In Topic: [D3D12] Command list submission ordering

26 May 2016 - 11:59 AM

Great, that's what I expected. I feel like a lot of documents assume you know that and gloss over it.


On that note, when building a task graph, it seems like it's wise to statically bake out your high level render passes on your queue submission thread, batch up all the command lists in those passes (e.g. wait until all your Z-prepass lists come in, for instance), and then submit in dependency sorted order (wait to submit g-buffer until z-prepass group has been submitted).

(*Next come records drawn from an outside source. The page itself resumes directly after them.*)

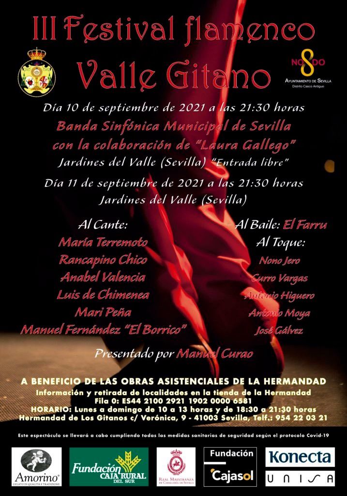 Otra de las propuestas destacadas del fin de semana es la tercera edición del Festival Flamenco Valle Gitano, una cita con fines solidarios impulsada por la Hermandad de Los Gitanos y el Ayuntamiento. El Distrito Casco Antiguo y el Área de Fiestas Mayores colaboran en este evento que se desarrolla durante dos jornadas (viernes y sábado) en las que contará con la Banda Sinfónica Municipal de Sevilla acompañada por Laura Gallego y con artistas flamencos como María Terremoto, Rancapino Chico, Anabel Valencia o El Farru, entre otros.
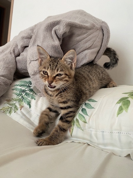 | 特徴(性格など) | 推定2ヶ月のキジトラ男の子です。 ずっとゴロゴロスリスリして甘えん坊です。 おもちゃ大好きで元気がありあまってます笑 トイレもすぐに覚えてお利口さんです! |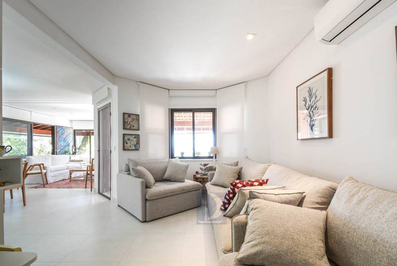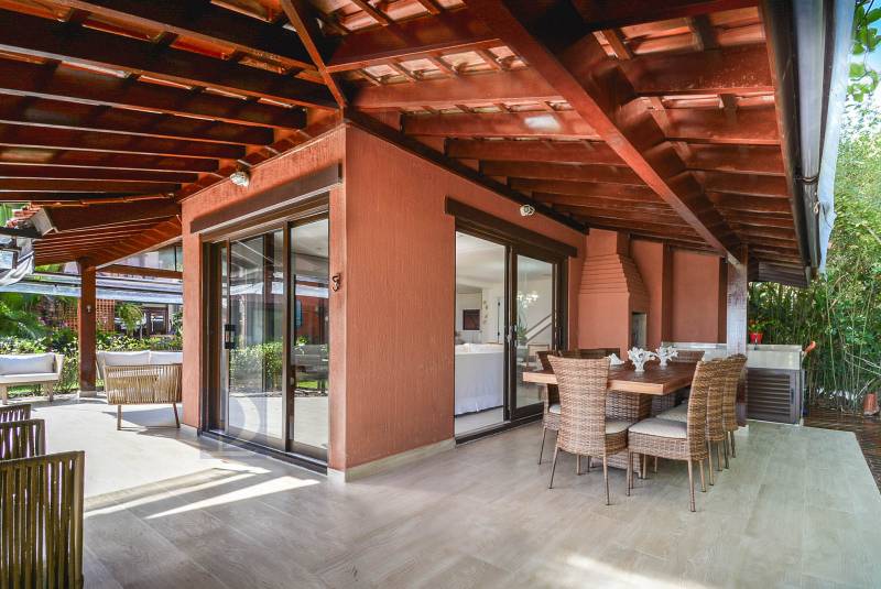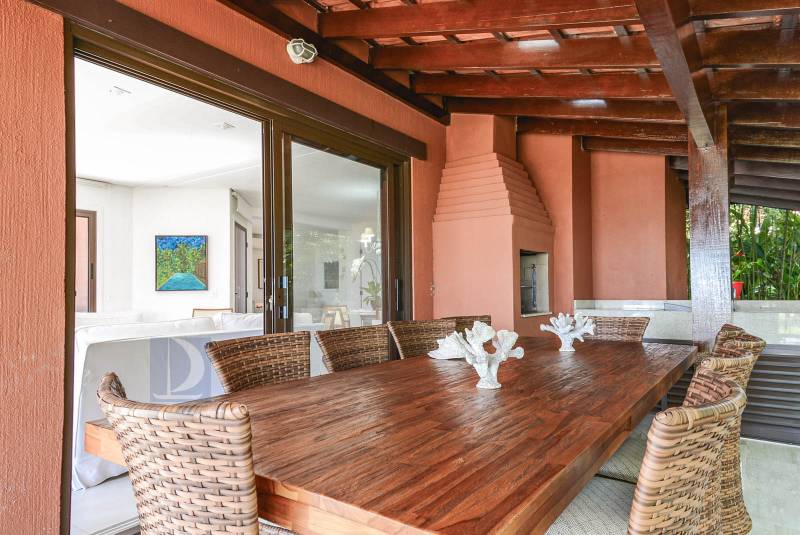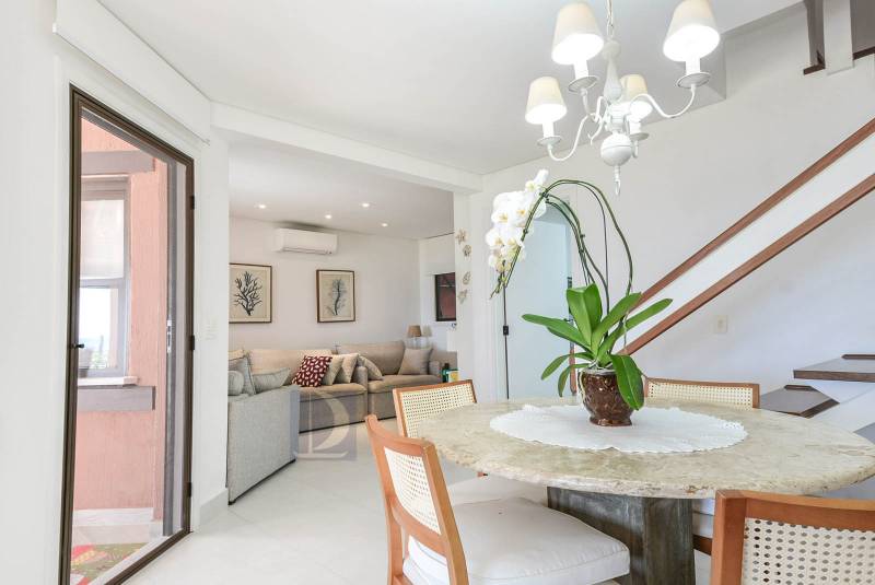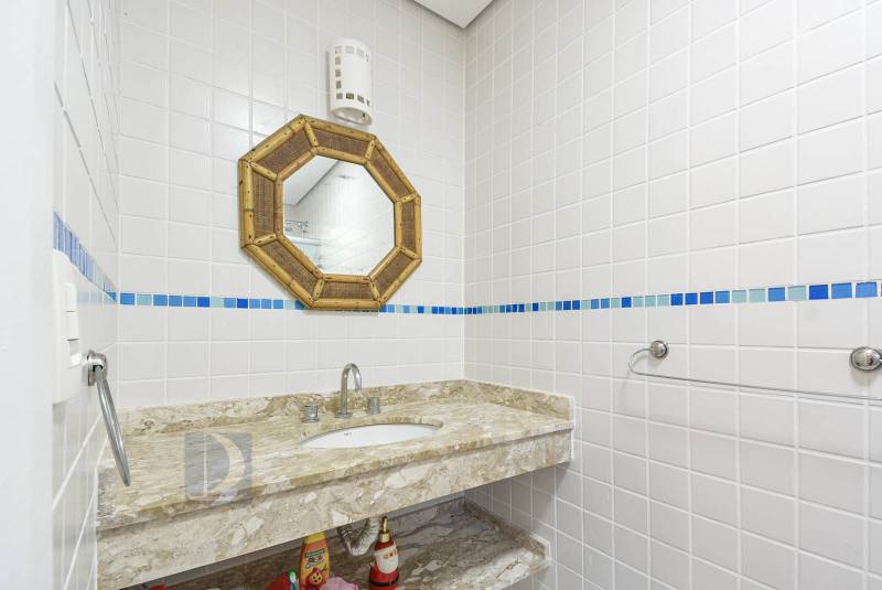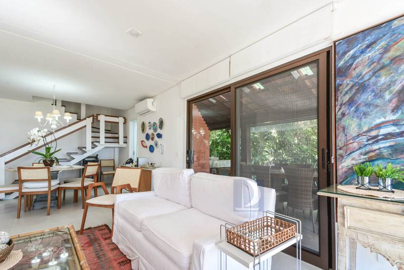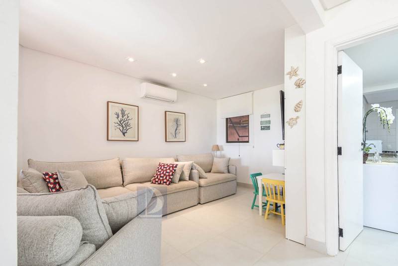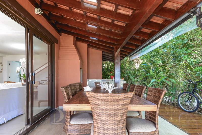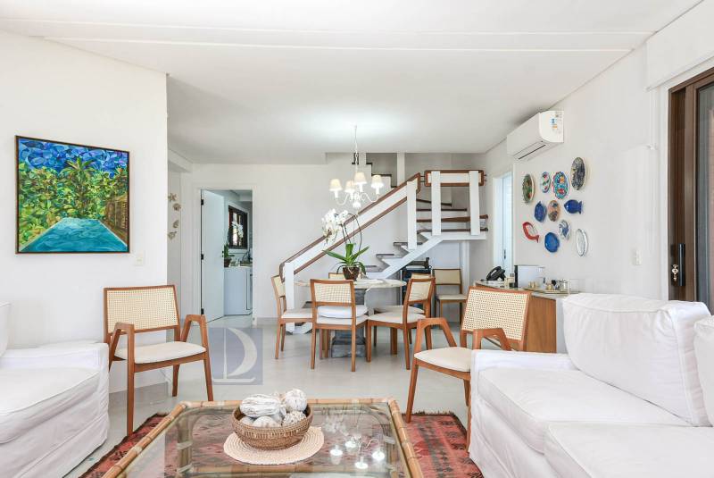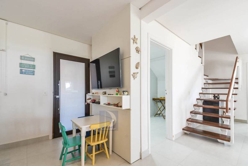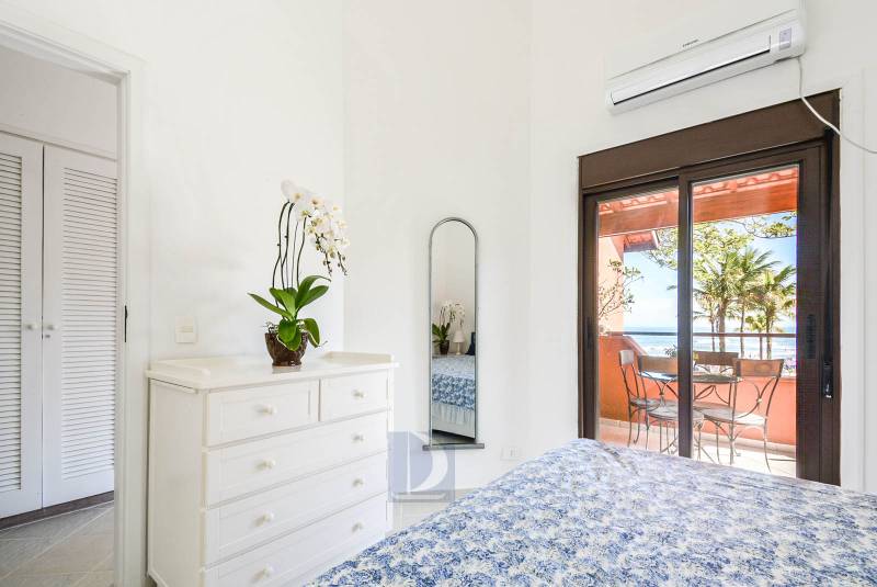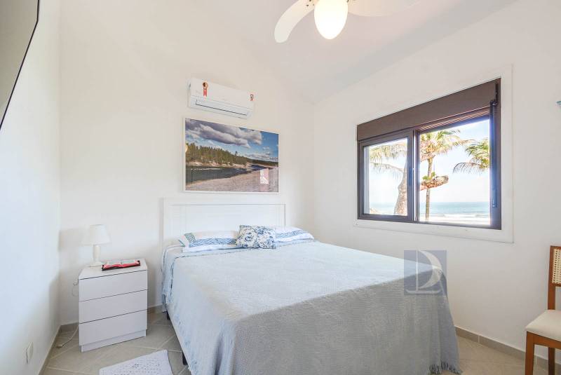 Residência em condomínio fechado frente para o mar com 250m² de área construída, em fração ideal de terreno com 288m². Possui 5 dormitórios, sendo 2 suítes, sala de estar, jantar, tv, cozinha, dependência de empregada, terraço e vaga para 3 autos.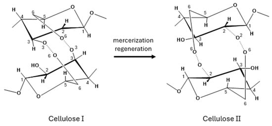 In some cases, cellulose II has also been found in nature [32,33,34]; unlike cellulose I, which features parallel chains, cellulose II is characterized by an antiparallel chain arrangement and a monoclinic crystal lattice [31].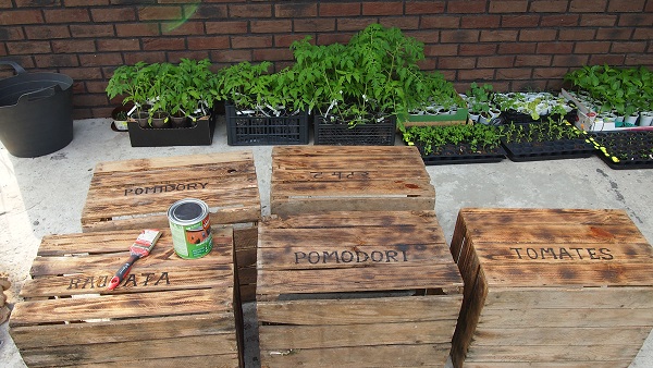 malujemy jakimś środkiem zabezpieczającym drewno (najlepiej wodnorozpuszczanym, skoro mają w niej rosnąć warzywa do jedzenia)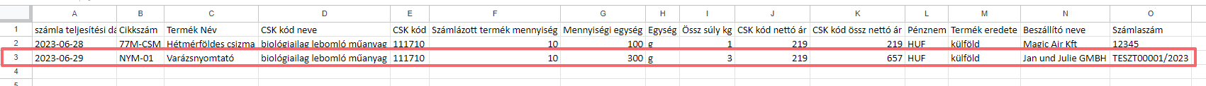 A beszállítói rendelésen rögzítjük a terméket, az NYM-01 cikkszámú termékből 10 db-ot , amelyhez 111710 KF kódú termékdíjból 300 gramm került rögzítésre termékenként.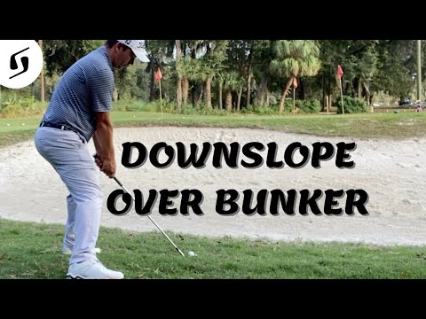 Golf Pitch Shot Off Downslope to Save Par -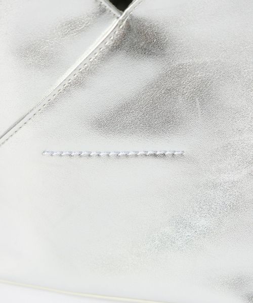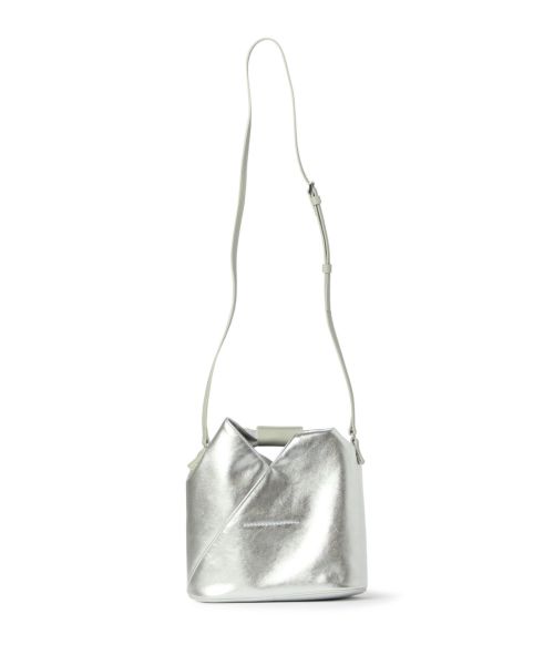 【デザイン】MM6 Maison Margiela(エムエムシックス メゾン マルジェラ)のバッグ。シンセティックレザーの「ジャパニーズ」クロスボディバッグです。2009年の秋冬コレクションのアイテムとして発表された「ジャパニーズ」バッグは、発表以来、MM6 Maison Margiela(エムエムシックス メゾン マルジェラ)を代表する象徴的なアクセサリーとなっています。日本の伝統的な折り紙にインスパイアされた三角形のフォルムが特徴です。バッグの形を変えることができるスナップボタンも折り紙にインスパイアされた要素で、メゾンの脱構築的なデザインコードを反映しています。タイムレスなアクセサリーであり続けるため、「ジャパニーズ」バッグは毎シーズン、サイズや素材を変えアップデートされています。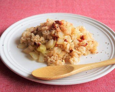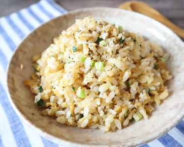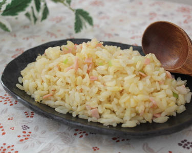 たまねぎが半分ほど透明になったら、ご飯と塩・こしょうを入れ、炒め混ぜる。最後に火をとめ、しょうゆを入れ混ぜる。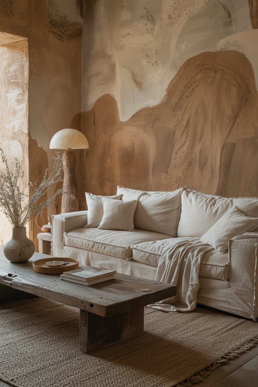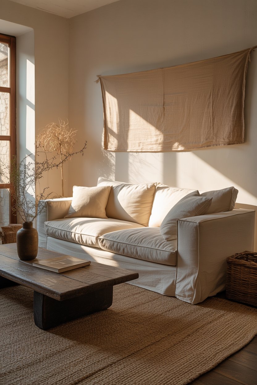 The sofa is the heart of any living room, and in a wabi sabi space, it has one job: to look genuinely comfortable and completely unpretentious. Natural linen slipcovers are the ideal choice — and here’s the thing that surprises most people: the wrinkles are a feature. A slightly crumpled linen sofa looks lived-in and real in a way that a tightly upholstered, perfect sofa never can. It looks like someone actually sits on it, reads on it, and falls asleep on it.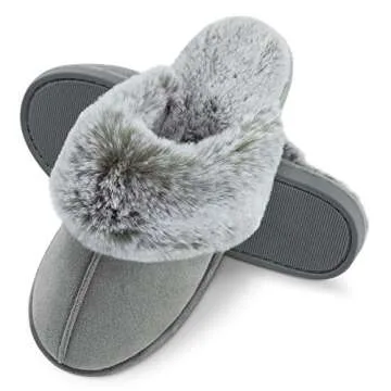 Cozyfurry Womens Slipper Fuzzy Fluffy House Slippers Faux Fur Cozy Warm Soft Indoor Shoes Memory Foam Anti-skid Rubber Sole Grey 7-8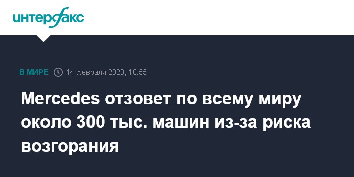 Москва. 14 февраля. INTERFAX.RU - Германский автомобилестроительный концерн Daimler AG отзывает почти 300 тысяч автомобилей Mercedes-Benz из-за опасности возгорания.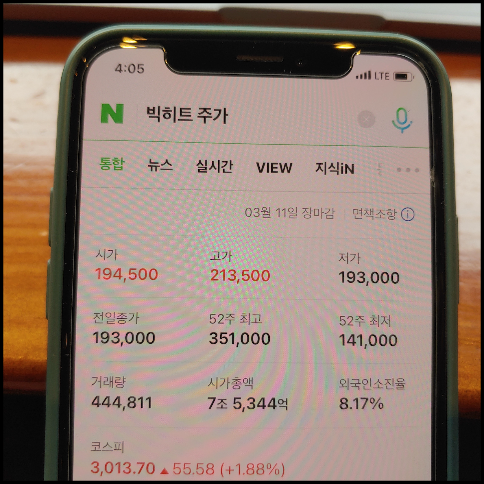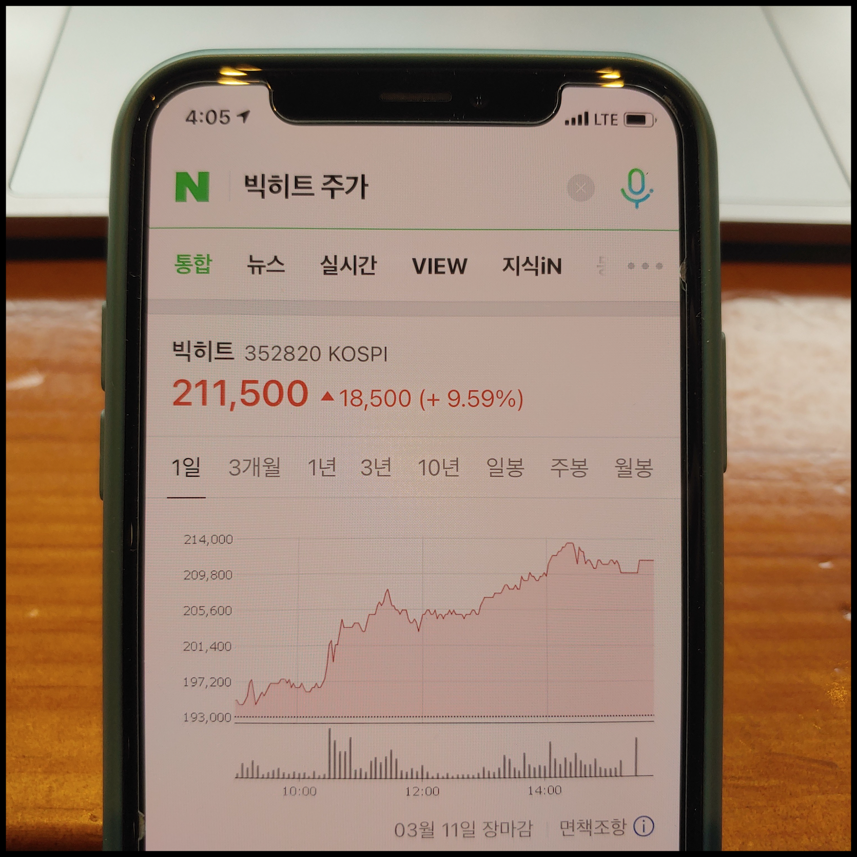 [사진 = 3월 11일 빅히트 주가 이렇습니다. 전날보다 상승 폭이 높습니다. 낮 시간대에 어느 언론을 통해 미야와키 사쿠라 관련 보도가 전해진 이후에는 상승이 더 뚜렷해졌습니다. 빅히트 주가 상승 이유는 방탄소년단 그래미 수상 여부 기대감이 반영됐다고 봐야하지 않을까 싶습니다. 그런데 낮 시간대에 상승 폭이 더 커진 것을 보면 이것이 미야와키 사쿠라와 관련된 것인지 여부는 알 수 없습니다. 사쿠라가 한국과 일본에서 인기 많기 때문에 이것이 호재일지 여부는 좀 더 지켜봐야 합니다. 참고로 이 포스팅은 특정 주식 종목 추천하는 의도로 작성하지 않았음을 밝힙니다. 추천과는 관련 없습니다. (C) 네이버 앱]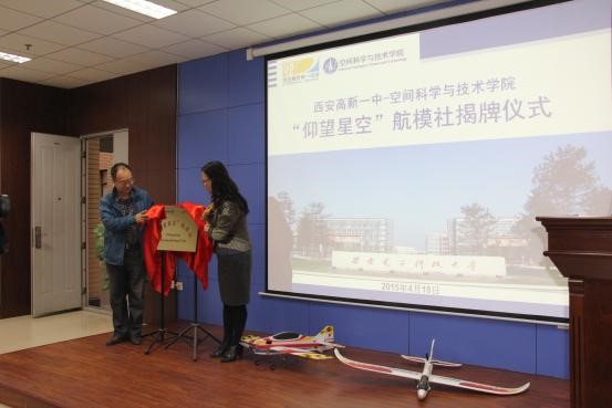 揭牌仪式上,高新一中副校长张清彦老师首先致辞,她说,“钱学森班”是继承钱学森大成智慧教育理念,探索钱学森空间科学创新人才培养方法的重要举措,“仰望星空”航模社的共建,是增强高校与中学联系又一项有重大意义的活动。随后,空间院党委书记梁玮和高新一中副校长张清彦一同为航模社揭牌。最后,空间院执行院长李小平教授发表讲话并向高新一中师生们介绍了学校钱学森空间科学实验班的相关情况,她在讲话中说到,“钱学森班”的成立是学校提升本科教育质量,以及推动学校发展的重要举措之一,我们要传承著名科学家钱学森先生“大成智慧”的教育思想,探索创新型人才培养模式,培养空间科学与航天技术领域的领军人物,对于钱学森之问做出具体的探索和行动。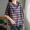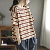 T-shirt for Women Summer Large Size Cotton T-shirt Soft Loose Printed Casual Striped Pullover T-shirt Top
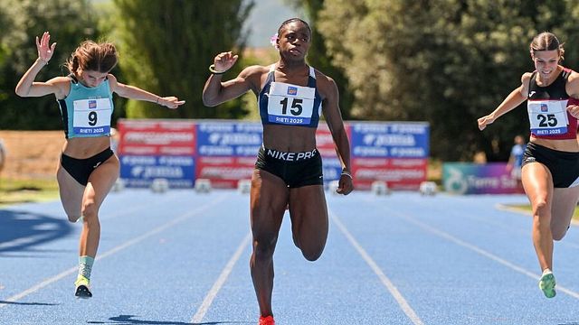 Kelly Doualla non smette più di stupire e migliora il suo fresco record italiano under 20 dei 100 metri, pur se di un solo centesimo, correndo in 11"36 nella vittoriosa finale dei campionati italiani allieve in corso di svolgimento a Rieti. Per la 15enne fenomenale velocista azzurra di origini camerunensi il crono viene addirittura realizzato con un vento contrario di -1,4 m/s, e questo da ancor maggior spessore al risultato ottenuto al termine di una gara dominata con una corsa efficacissima, dove va segnalato il secondo posto di Margherita Castellani con 11"70, un'altra giovanissima velocista con ottime prospettive per il futuro, peraltro più specialista nei 200 metri dove sarà impegnata domani.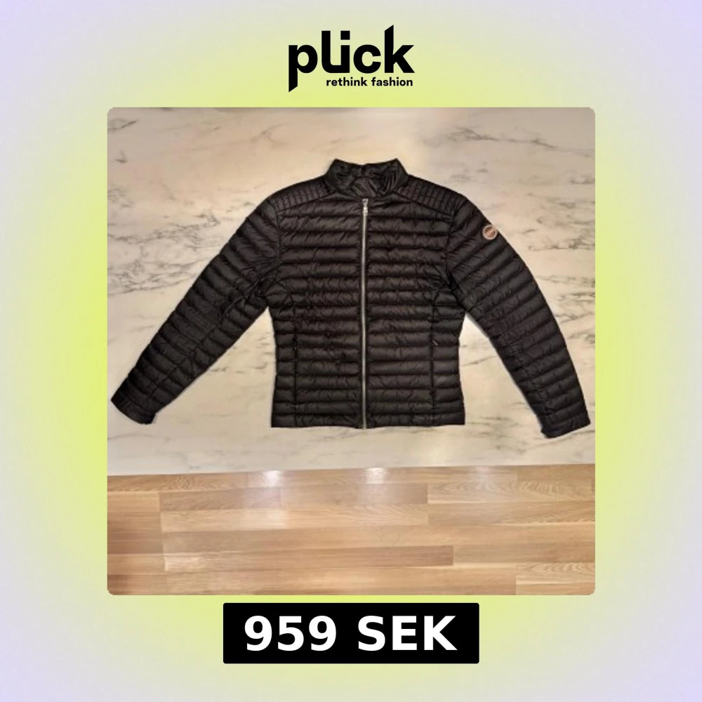 Stilren och lätt dunjacka från Colmar Originals, färg Nero Iron (svart). Klassisk modell utan huva med ståkrage och logga på ärmen. Två fickor med dragkedja. Mycket fint skick, inga fläckar eller skador. Nypris ca 4 000 kr. Passar perfekt för höst/vår – snygg både till vardags och på jobbet.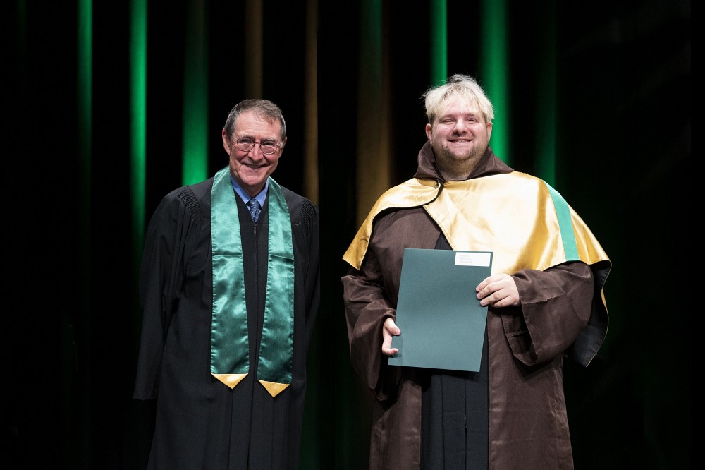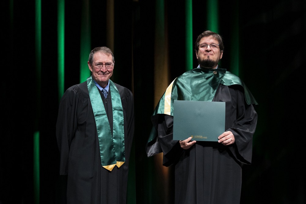 Quatre nouveaux diplômés et diplômées ont ensuite fièrement défilé sur la scène pour immortaliser le moment en compagnie du professeur Marc Dumas, directeur du CERC.

In Topic: Descriptor binding: DX12 and Vulkan

25 May 2016 - 05:39 PM

I've been thinking more about this, and I've come to realize some things.


I did some investigation into how some real workloads are handling the root signature. I found that a vast majority of what I saw have a structure similar to this:


DX12 style binding slots:


For bucketed scene draws:


0: Some push constants

1: per draw constant buffer

2: per pass constant buffer

3: per material constant buffer

4: A list of SRVs


For various post processing jobs:


0+ constant buffers

simple table of UAVs

simple table of SRVs


I didn't find any use cases where different regions of the same descriptor table were used for different stuff... for the most part is seems a simple list of SRVs / UAVs is enough.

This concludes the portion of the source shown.